Among a few submissions this week, African nations said developing nations will need to get at least $267 billion a year by 2020 to help them fight climate change under a treaty due to be agreed in Copenhagen in December.
Many other nations have laid out their views of the content of the deal to succeed the Kyoto Protocol. But the U.S. administration of President Barack Obama, who took office in January, has said it will miss the April 24 deadline.
There is a bit of leeway for parties to submit documents in coming days if they have good reason, said John Hay, spokesman for the U.N. Climate Change Secretariat, saying it was not too late for Washington and others to submit ideas.

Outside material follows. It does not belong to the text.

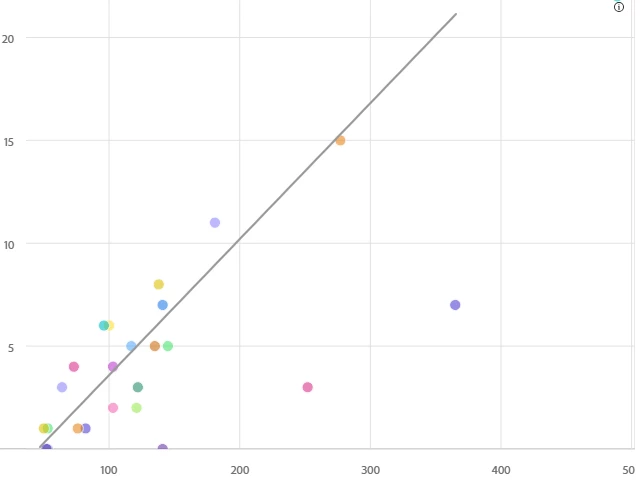 This would provide the ability to spot relationships and trends between two metrics and highlight value that are outliers, either way above or below the line. This data can greatly help drive business decisions.
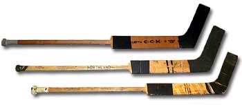 Three keepsake sticks from Terry Sawchuk's glorious career: (from top to bottom) the stick he used to record his 100th career NHL shutout on March 4, 1967; his 1953-54 stick which was also signed by his Red Wings Stanley Cup champion teammates; and a stick from his final season with Detroit in 1963-64.

Obama wants to cut U.S. emissions back to 1990 levels by 2020 as part of the deal meant to rein in global warming blamed on greenhouse gases released by burning fossil fuels. In 2007, U.S. emissions were 16.8 percent above 1990 levels.
But Washington has given few details of how it wants a U.N. pact to work, such as funding for developing nations or how far countries such as China or India should rein in emissions.
I think there is some understanding of a little bit of flexibility in the deadlines, but not a great deal, U.S. Special Envoy for Climate Change Todd Stern said on Tuesday.
We will be making submissions on a number of subjects in a few days, he told the U.S. Senate Foreign Relations Committee.
Hay at the U.N. Secretariat said the April 24 deadline was set to ensure that documents reach drafting experts in good time before a next round of 190-nation talks from June 1-12 in Bonn.
Under the timetable, the first draft of a full negotiating text will be debated at the June talks as part of efforts to slow global warming that may bring more droughts, floods, heatwaves and rising sea levels.
Deadlines for submissions are often missed -- some texts were late ahead of the last meeting in Bonn in April.
Stern told Reuters on Thursday that U.S. flexibility in negotiating a new climate pact depended on passing a U.S. law to cut greenhouse gas emissions, which he said was not an insurmountable task.
The African nations said this week that developed countries should cut emissions by at least 40 percent below 1990 levels by 2020 to avoid the worst of climate change -- far deeper than cuts being considered by the United States and other rich nations.